● Entries supplied:

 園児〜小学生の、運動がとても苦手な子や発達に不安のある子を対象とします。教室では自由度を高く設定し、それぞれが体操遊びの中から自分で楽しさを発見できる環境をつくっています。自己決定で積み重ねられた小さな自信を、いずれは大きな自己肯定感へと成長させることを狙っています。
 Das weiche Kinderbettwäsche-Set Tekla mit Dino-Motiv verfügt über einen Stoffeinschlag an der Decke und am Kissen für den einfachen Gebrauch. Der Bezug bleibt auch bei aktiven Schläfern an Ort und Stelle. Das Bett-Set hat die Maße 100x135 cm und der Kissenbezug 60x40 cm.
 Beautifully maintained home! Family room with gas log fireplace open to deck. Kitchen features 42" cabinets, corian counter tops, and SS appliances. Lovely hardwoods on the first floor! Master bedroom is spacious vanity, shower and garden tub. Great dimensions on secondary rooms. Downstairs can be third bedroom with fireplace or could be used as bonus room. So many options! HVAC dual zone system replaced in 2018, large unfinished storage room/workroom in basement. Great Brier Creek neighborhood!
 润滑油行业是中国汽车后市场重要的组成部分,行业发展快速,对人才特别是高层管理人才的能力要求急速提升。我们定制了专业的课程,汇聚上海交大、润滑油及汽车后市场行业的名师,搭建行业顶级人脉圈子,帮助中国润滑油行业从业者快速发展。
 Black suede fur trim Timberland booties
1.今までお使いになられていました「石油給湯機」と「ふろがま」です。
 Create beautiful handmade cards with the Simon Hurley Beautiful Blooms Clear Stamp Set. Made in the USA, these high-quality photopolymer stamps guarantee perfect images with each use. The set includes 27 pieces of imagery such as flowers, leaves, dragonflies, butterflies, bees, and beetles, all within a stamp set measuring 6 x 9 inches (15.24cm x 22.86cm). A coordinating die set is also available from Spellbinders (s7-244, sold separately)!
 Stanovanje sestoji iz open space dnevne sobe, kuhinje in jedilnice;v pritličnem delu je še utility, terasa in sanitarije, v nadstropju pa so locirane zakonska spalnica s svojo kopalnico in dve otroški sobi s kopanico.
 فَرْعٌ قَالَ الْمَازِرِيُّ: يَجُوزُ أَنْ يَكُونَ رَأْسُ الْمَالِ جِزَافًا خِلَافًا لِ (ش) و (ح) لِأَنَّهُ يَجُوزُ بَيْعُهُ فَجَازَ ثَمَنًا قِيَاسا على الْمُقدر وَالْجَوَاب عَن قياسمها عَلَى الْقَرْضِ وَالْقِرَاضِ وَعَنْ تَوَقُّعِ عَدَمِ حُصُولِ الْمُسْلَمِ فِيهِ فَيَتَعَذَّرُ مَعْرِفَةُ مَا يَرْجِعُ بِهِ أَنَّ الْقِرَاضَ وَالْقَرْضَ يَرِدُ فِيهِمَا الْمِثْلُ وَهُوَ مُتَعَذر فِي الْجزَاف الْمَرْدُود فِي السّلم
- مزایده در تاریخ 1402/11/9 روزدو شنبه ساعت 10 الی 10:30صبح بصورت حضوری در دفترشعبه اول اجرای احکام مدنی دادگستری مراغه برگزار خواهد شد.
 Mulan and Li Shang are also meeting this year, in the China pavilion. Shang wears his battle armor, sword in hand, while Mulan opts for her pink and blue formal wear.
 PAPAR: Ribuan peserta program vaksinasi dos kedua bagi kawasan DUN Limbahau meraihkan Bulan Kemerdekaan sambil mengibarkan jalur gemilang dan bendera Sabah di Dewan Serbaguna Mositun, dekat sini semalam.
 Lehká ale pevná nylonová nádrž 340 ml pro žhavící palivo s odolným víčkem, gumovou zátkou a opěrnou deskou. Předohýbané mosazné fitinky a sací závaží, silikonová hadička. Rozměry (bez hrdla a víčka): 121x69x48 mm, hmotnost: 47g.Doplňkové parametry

● Brief: Write out exactly the lines above from the line with "Beautifully maintained home!" through the line with "1.今までお使いになられていました「石油給湯機」と「ふろがま」です。", both of them included, and leave out all other lines.

● Response below:
 Beautifully maintained home! Family room with gas log fireplace open to deck. Kitchen features 42" cabinets, corian counter tops, and SS appliances. Lovely hardwoods on the first floor! Master bedroom is spacious vanity, shower and garden tub. Great dimensions on secondary rooms. Downstairs can be third bedroom with fireplace or could be used as bonus room. So many options! HVAC dual zone system replaced in 2018, large unfinished storage room/workroom in basement. Great Brier Creek neighborhood!
 润滑油行业是中国汽车后市场重要的组成部分,行业发展快速,对人才特别是高层管理人才的能力要求急速提升。我们定制了专业的课程,汇聚上海交大、润滑油及汽车后市场行业的名师,搭建行业顶级人脉圈子,帮助中国润滑油行业从业者快速发展。
 Black suede fur trim Timberland booties
1.今までお使いになられていました「石油給湯機」と「ふろがま」です。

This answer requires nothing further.